Orindas’ dedication to helping others has earned him more than 20 awards and accolades, including WFTV News 6’s “Getting Results” award. The honor highlighted his work during the outbreak of COVID, which launched a project twice-weekly service consisting of distributing care packages to homeless people. She was also a UCF Think 30 Fellowship recipient, Founders Day Honoree, and a member of the UCF President’s Board of Directors.

Plan for the future

As a freshman, Orindas created a general outline of what her next four years at UCF would look like, and as she graduated, she reflects on how the UCF community has helped her. allowed to unleash its potential.

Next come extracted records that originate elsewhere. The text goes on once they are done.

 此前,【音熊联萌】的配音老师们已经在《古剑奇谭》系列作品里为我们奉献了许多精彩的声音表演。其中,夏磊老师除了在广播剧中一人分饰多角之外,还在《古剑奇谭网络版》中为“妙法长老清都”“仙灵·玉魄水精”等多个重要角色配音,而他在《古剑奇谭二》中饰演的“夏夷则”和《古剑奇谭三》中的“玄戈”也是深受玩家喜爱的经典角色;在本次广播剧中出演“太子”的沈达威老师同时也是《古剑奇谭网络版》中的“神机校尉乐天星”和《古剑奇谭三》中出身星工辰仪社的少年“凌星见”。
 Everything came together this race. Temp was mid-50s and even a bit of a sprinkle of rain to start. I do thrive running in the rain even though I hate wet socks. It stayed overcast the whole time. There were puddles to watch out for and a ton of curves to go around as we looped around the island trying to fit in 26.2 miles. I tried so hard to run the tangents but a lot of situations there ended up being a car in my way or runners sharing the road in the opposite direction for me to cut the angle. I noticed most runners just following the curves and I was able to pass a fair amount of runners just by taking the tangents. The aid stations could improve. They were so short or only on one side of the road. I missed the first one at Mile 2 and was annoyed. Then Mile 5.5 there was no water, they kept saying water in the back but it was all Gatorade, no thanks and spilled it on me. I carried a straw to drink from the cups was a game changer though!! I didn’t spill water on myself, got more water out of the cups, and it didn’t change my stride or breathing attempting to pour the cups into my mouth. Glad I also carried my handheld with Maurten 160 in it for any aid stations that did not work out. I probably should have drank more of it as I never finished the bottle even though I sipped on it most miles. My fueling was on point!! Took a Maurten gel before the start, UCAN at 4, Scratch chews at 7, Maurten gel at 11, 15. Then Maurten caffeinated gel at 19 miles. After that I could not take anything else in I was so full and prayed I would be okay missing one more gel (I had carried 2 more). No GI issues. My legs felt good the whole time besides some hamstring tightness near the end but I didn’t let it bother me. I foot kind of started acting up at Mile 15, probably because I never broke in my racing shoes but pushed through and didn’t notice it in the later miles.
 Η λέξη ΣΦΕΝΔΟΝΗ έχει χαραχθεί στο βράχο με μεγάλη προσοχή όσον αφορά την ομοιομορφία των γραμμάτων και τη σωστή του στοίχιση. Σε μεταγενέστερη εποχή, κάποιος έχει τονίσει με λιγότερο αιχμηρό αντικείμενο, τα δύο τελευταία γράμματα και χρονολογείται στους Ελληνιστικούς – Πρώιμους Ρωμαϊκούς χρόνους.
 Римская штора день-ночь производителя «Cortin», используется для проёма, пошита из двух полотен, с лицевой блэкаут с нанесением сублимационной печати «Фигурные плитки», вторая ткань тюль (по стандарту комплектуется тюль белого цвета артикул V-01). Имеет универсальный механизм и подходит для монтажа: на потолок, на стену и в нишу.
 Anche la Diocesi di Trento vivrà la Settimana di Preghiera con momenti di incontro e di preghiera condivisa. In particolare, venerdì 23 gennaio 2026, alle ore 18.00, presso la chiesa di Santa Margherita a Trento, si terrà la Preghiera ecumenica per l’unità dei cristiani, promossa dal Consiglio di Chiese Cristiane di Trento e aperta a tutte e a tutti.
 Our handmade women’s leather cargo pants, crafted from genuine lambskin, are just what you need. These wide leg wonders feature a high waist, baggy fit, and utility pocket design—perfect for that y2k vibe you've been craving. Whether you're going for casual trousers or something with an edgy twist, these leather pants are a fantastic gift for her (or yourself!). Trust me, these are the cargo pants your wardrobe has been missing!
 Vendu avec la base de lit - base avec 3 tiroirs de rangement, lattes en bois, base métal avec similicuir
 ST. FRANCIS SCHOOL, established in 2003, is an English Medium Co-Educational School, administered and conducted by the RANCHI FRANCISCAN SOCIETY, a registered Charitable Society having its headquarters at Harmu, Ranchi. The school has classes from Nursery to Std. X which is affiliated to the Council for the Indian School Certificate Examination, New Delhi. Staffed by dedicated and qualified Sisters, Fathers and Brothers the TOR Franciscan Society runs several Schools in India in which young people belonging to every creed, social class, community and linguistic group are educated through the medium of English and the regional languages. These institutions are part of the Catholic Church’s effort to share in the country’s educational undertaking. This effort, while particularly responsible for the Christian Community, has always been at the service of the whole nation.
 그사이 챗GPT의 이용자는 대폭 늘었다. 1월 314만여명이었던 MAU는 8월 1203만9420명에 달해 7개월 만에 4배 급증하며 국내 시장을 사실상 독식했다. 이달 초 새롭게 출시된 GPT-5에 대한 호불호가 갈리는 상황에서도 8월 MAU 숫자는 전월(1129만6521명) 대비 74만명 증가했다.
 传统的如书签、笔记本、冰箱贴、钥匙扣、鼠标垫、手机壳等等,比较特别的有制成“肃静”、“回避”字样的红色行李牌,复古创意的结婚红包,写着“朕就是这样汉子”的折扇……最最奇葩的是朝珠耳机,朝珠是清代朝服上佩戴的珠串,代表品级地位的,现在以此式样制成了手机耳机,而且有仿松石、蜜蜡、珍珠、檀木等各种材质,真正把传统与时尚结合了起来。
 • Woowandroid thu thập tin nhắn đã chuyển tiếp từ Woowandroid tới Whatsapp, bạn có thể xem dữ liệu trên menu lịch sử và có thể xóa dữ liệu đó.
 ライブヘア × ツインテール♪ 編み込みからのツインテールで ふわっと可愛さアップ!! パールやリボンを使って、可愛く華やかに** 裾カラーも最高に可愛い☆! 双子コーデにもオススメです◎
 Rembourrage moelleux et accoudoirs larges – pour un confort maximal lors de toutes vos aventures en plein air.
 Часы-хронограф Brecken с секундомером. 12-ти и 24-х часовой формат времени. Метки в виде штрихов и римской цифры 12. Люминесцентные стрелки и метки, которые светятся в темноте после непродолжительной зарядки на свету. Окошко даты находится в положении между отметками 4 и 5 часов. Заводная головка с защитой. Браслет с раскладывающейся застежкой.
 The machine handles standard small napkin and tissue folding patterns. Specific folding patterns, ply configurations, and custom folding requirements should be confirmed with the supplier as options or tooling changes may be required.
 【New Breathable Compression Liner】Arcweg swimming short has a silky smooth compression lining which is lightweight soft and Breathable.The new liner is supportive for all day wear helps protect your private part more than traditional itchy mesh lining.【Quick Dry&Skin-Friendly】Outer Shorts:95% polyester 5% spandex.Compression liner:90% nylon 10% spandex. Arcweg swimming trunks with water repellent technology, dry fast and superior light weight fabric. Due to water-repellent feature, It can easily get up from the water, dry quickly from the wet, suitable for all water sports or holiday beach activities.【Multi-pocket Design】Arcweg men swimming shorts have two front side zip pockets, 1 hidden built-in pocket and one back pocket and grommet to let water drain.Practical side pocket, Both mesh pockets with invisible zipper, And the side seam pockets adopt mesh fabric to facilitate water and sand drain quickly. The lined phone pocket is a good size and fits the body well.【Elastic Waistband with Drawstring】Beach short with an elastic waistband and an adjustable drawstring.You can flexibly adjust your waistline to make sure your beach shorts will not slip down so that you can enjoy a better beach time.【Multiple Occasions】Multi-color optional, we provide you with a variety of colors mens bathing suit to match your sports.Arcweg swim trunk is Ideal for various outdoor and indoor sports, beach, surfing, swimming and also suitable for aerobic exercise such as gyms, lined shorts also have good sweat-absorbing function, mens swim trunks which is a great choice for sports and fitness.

“I didn’t do anything on my own,” says Orindas. “As a LEAD Fellow, I found so many opportunities at UCF that would support my goal of helping others. That’s the beauty of our UCF community.

“I didn’t do anything on my own…I found so many opportunities that would support my goal of helping others. That’s the beauty of our UCF community.

Orindas gained research experience as an undergraduate research fellow at the Mayo Clinic, where she participated in research on the role of cerebrospinal fluid (CSF) and CHI3L1 gene expression on malignancy brain cancer (glioblastoma). This to research has been presented at several different research conferences and received awards at the 2021 Great Minds in STEM (GMiS) conference and the annual conference on biomedical research for minority scientists.

“By choosing health sciences as my major, I was able to tailor it to suit my interests and structure it to meet the requirements for admission to medical school,” says Orindas.

As a certified practical nurse and medical technician, Orindas’ next step is to become a geriatrician, but only after taking a two-year hiatus to volunteer at Hearts for the Homeless International as a business assistant. internal. She will work with the organization’s Internal Affairs Chair to support National Chapters with the resources needed to better support people experiencing homelessness.

As a future doctor, Orindas hopes to one day open her own mobile clinic to help homeless people.

“It’s surprising how many people who are immigrants are homeless,” says Orindas. “Volunteering even after I graduate from medical school will help me improve treatment and access to health care for those who need it most.”